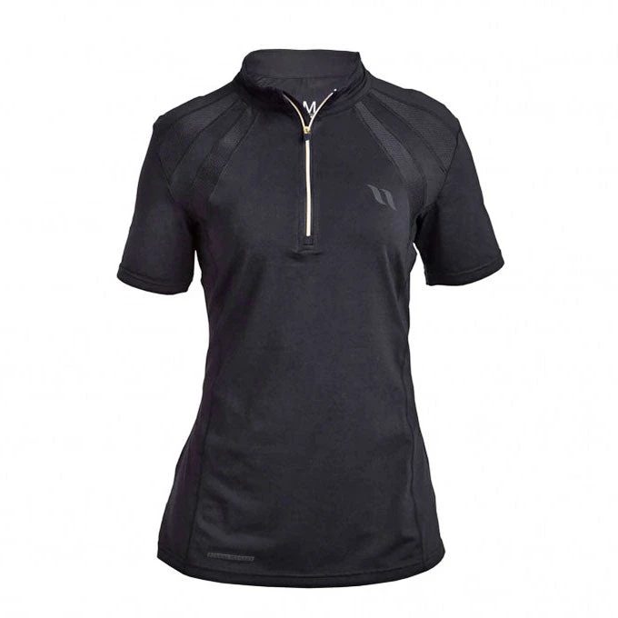 Olivia Womens Tee is slimly tailored with Iontex infrared technology. Elegantly styled half zip sport top with figure flattering fit infused with infrared energy is perfect for every occasion. Features mesh details for added ventilation, tone on tone print, and a half-zip at the front for comfort. Great for performance lifestyle the Iontex technology is lightweight, breathable and has thermal regulation properties. Great for riding in all weather conditions by helping you stay dry and it is odor-controlling effects.
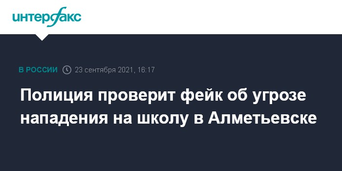 Москва. 23 сентября. INTERFAX.RU - В Алметьевске полиция начала проверку после сообщения в классном чате в мессенджере о возможном нападении на одну из школ города, сообщила начальник управления образования Альметьевского района Ирина Павловская.
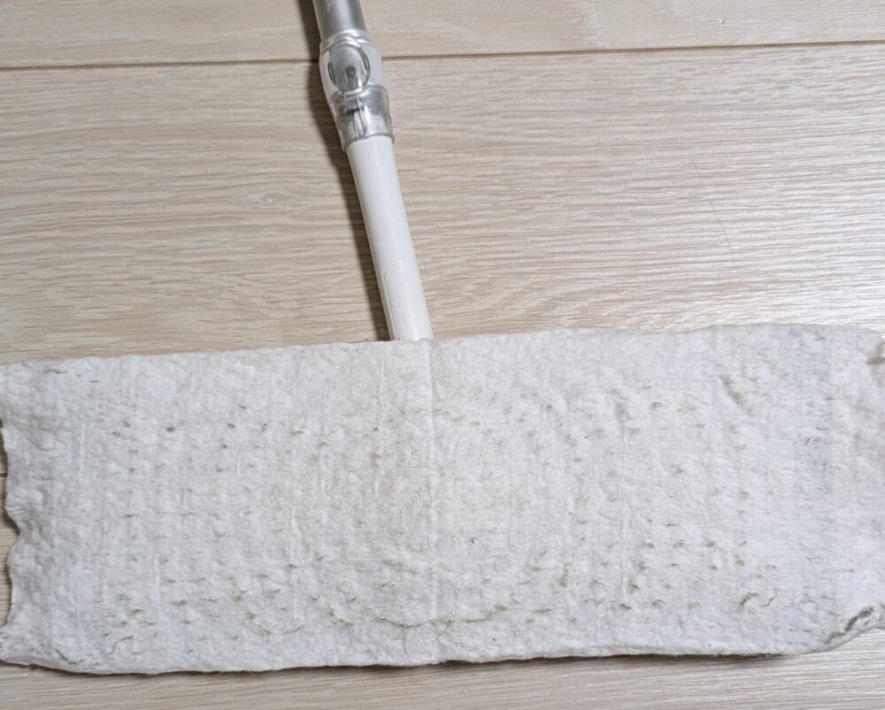 普段の我が家が実施している清掃設定でリビング(◯帖)を吸引と水拭きしたあとに、掃除機とクイックルワイパーをかけてみました。
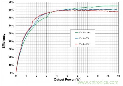 圖6.在5V,7V和10V輸出設置時,10W電源系統的端到端效率

• THE PROBLEM
Starting at the line that holds "Москва. 23 сентября.", reproduce each line through the last one of the listing, and nothing more; the pictures stay out.

• THE COMPLETED TASK
 Москва. 23 сентября. INTERFAX.RU - В Алметьевске полиция начала проверку после сообщения в классном чате в мессенджере о возможном нападении на одну из школ города, сообщила начальник управления образования Альметьевского района Ирина Павловская.
 普段の我が家が実施している清掃設定でリビング(◯帖)を吸引と水拭きしたあとに、掃除機とクイックルワイパーをかけてみました。
 圖6.在5V,7V和10V輸出設置時,10W電源系統的端到端效率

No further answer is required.